── Recorded information
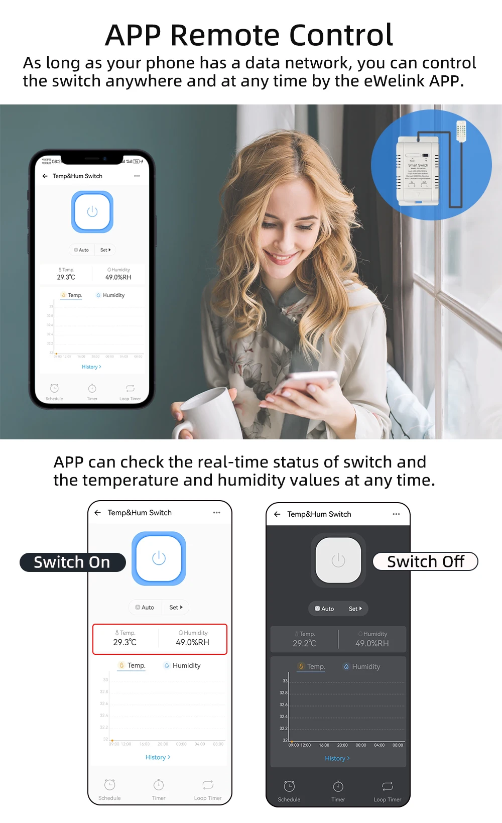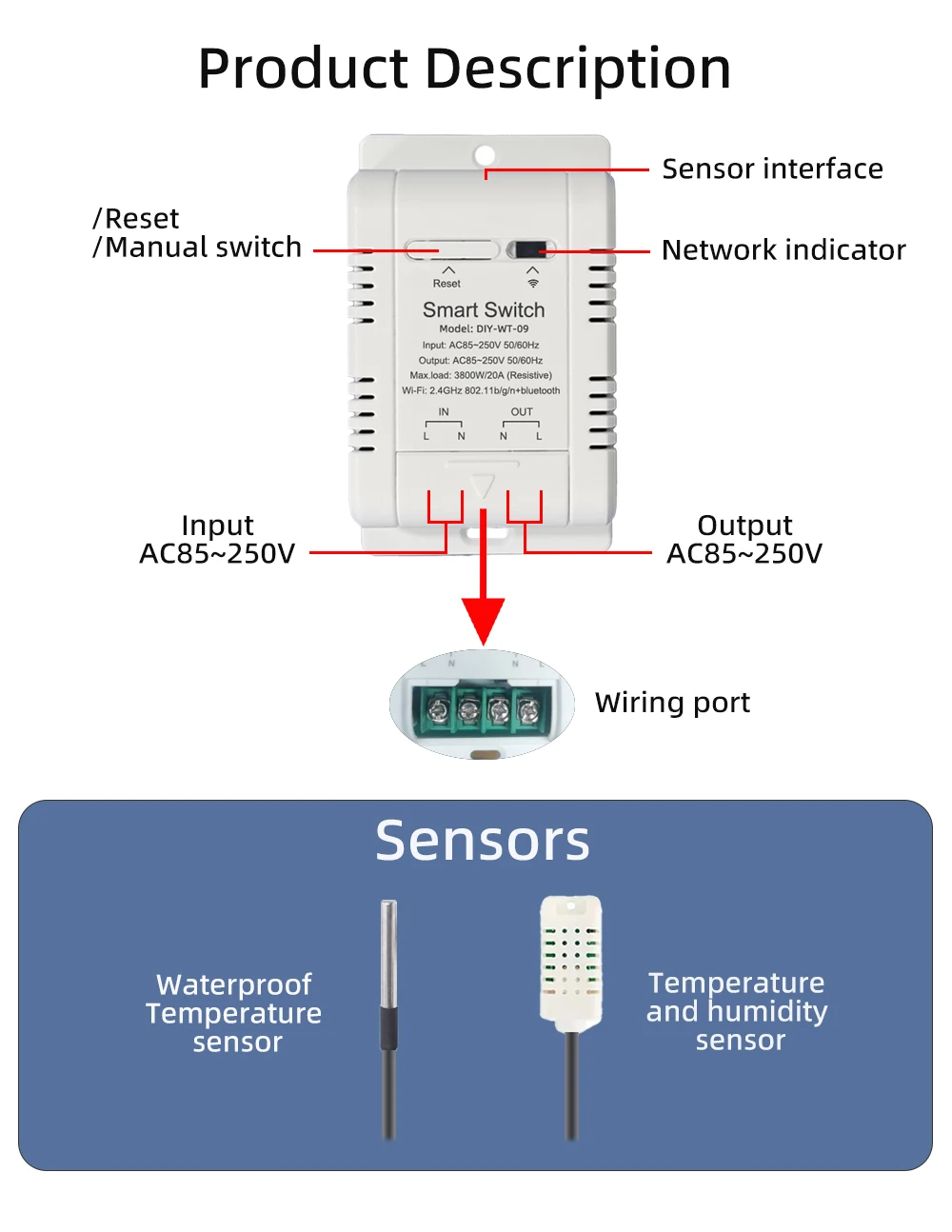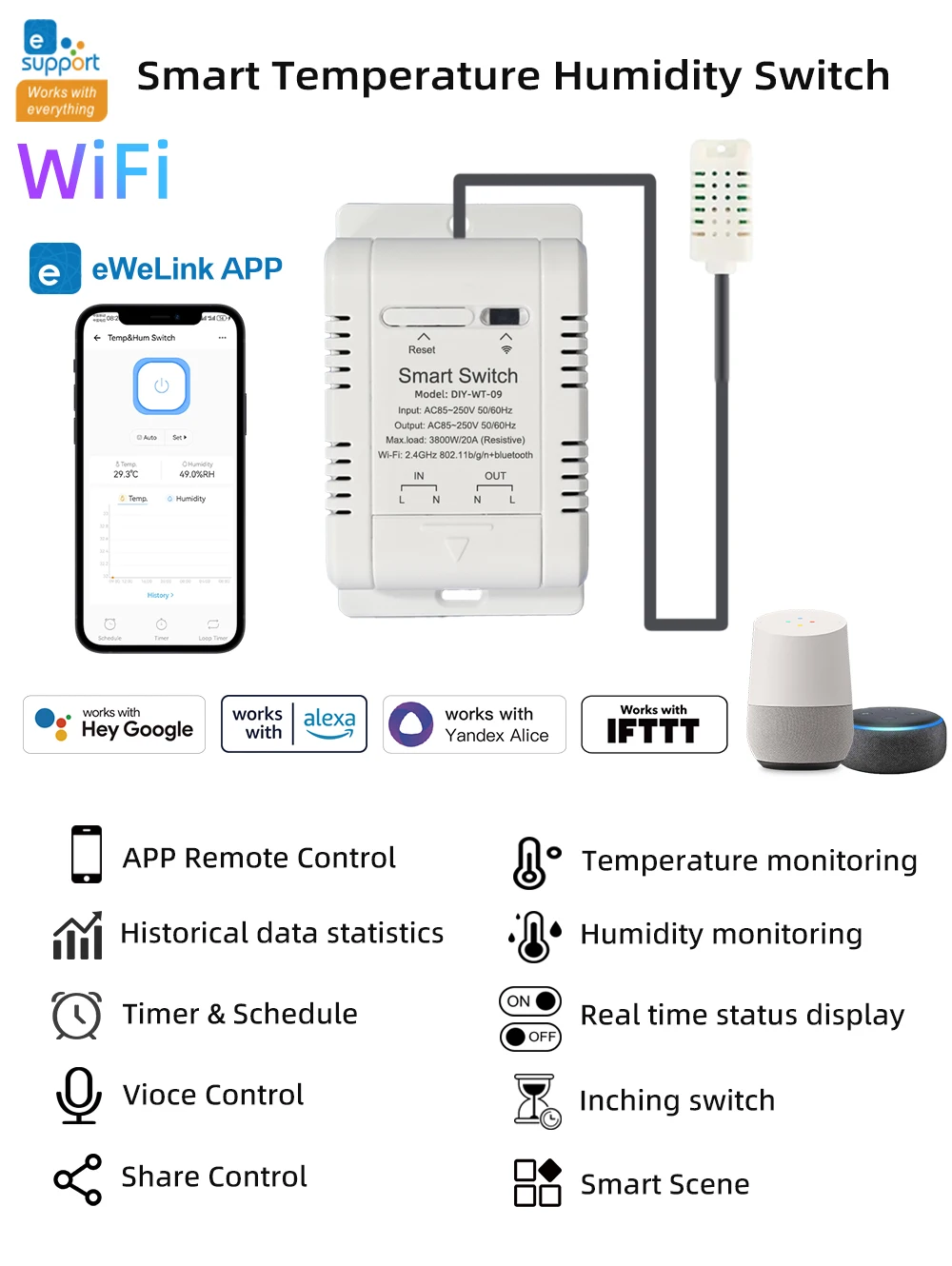 El funcionamiento es perfecto, tal como se describe, y las dimensiones son bastante compactas. Es posible calibrar la temperatura y configurar escenas para encender o apagar cuando se alcanzan los valores de temperatura o humedad establecidos. La parte estética del sensor podría mejorarse porque los cables entre los conectores y el cable son visibles.
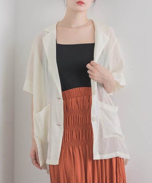 <夏らしい素材でデイリー使いにぴったりなサマージャケット> ▼デザイン シアー素材から来る透け感が夏を感じるシアージャケット! 柔らかい着心地で、汗ばむ夏も着やすい1枚! キャミやTシャツにゆるっと羽織るだけでコーデがぴしっと決まります。 ポケットもついていて、実用性もあるマストバイジャケット! ▼コーディネート シンプルでどんなアイテムとも合わせの良いアイテム。 オシャレ上級者さんは上からビスチェをレイヤードするスタイリングがおすすめ! ▼おすすめ顔タイプ クールカジュアル(ブラック)/フレッシュ(ホワイト) ------------------------------ 生地感:薄手 伸縮性:なし 透け感:あり 裏地:なし ----------------------------- ▼ブランド紹介 RETRO GIRL (レトロガール) 自分らしい“ベーシックアイテム”と 新しい自分の”トレンドアイテム”が 見つかる場所 今らしいファッションを楽しむ 女性のためのブランド #シアー #シアージャケット#ジャケット #シアー素材 #サマージャケット ▼注意事項 ※撮影環境やモニター環境によって実際の商品とお色味が 多少異なってみえる場合がございます。 品番:RS456621T001 / 品名:シアーテーラードJK
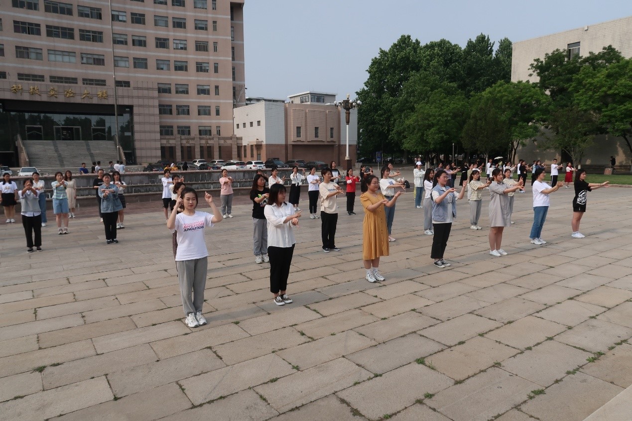 活动开始后,首先由领舞人员进行现场教学,参与人员分成五组,每个小组有一名领舞人员进行舞蹈动作的教学,各小组同时进行舞蹈学习和排练。伴随着轻快又富有节奏的音乐,在领舞人员的带领下,同学们积极认真地练习,整个排练过程洋溢着欢乐的气氛。学习结束后全体同学进行汇报表演,在轻松欢快的音乐旋律中,同学们动作舒展自如,舞蹈动作多样,队伍变化有序,充分展示了大学生的朝气蓬勃,积极向上的良好面貌。
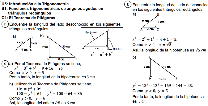Competencia de eje Transversal: # 5.1 Identidad Personal, Social y Emocional: Fortalece su autoestima, confianza y seguridad, al respetarse a sí mismo y a las demás personas reconociendo sus características, necesidades, roles personales y sociales. Indicador de logro: #5.1 Resuelve situaciones en diferentes contextos, relacionadas con las funciones trigonométricas de ángulos agudos en triángulos rectángulos, que le ayuden a fortalecer su autoestima. Aprendizaje Esperado: Aplica el Teorema de Pitágoras para encontrar la longitud desconocida de un lado de un triángulo.
────
* _Task to complete_:
Having located the line with "<夏らしい素材でデイリー使いにぴったりなサマージャケット> ▼デザイン シアー素材から来る透け感が夏を感じるシアージャケット!", copy it exactly along with every later line through the end of the listing above, but omit the pictures.

* _Solved exercise_:
 <夏らしい素材でデイリー使いにぴったりなサマージャケット> ▼デザイン シアー素材から来る透け感が夏を感じるシアージャケット! 柔らかい着心地で、汗ばむ夏も着やすい1枚! キャミやTシャツにゆるっと羽織るだけでコーデがぴしっと決まります。 ポケットもついていて、実用性もあるマストバイジャケット! ▼コーディネート シンプルでどんなアイテムとも合わせの良いアイテム。 オシャレ上級者さんは上からビスチェをレイヤードするスタイリングがおすすめ! ▼おすすめ顔タイプ クールカジュアル(ブラック)/フレッシュ(ホワイト) ------------------------------ 生地感:薄手 伸縮性:なし 透け感:あり 裏地:なし ----------------------------- ▼ブランド紹介 RETRO GIRL (レトロガール) 自分らしい“ベーシックアイテム”と 新しい自分の”トレンドアイテム”が 見つかる場所 今らしいファッションを楽しむ 女性のためのブランド #シアー #シアージャケット#ジャケット #シアー素材 #サマージャケット ▼注意事項 ※撮影環境やモニター環境によって実際の商品とお色味が 多少異なってみえる場合がございます。 品番:RS456621T001 / 品名:シアーテーラードJK
 活动开始后,首先由领舞人员进行现场教学,参与人员分成五组,每个小组有一名领舞人员进行舞蹈动作的教学,各小组同时进行舞蹈学习和排练。伴随着轻快又富有节奏的音乐,在领舞人员的带领下,同学们积极认真地练习,整个排练过程洋溢着欢乐的气氛。学习结束后全体同学进行汇报表演,在轻松欢快的音乐旋律中,同学们动作舒展自如,舞蹈动作多样,队伍变化有序,充分展示了大学生的朝气蓬勃,积极向上的良好面貌。
Competencia de eje Transversal: # 5.1 Identidad Personal, Social y Emocional: Fortalece su autoestima, confianza y seguridad, al respetarse a sí mismo y a las demás personas reconociendo sus características, necesidades, roles personales y sociales. Indicador de logro: #5.1 Resuelve situaciones en diferentes contextos, relacionadas con las funciones trigonométricas de ángulos agudos en triángulos rectángulos, que le ayuden a fortalecer su autoestima. Aprendizaje Esperado: Aplica el Teorema de Pitágoras para encontrar la longitud desconocida de un lado de un triángulo.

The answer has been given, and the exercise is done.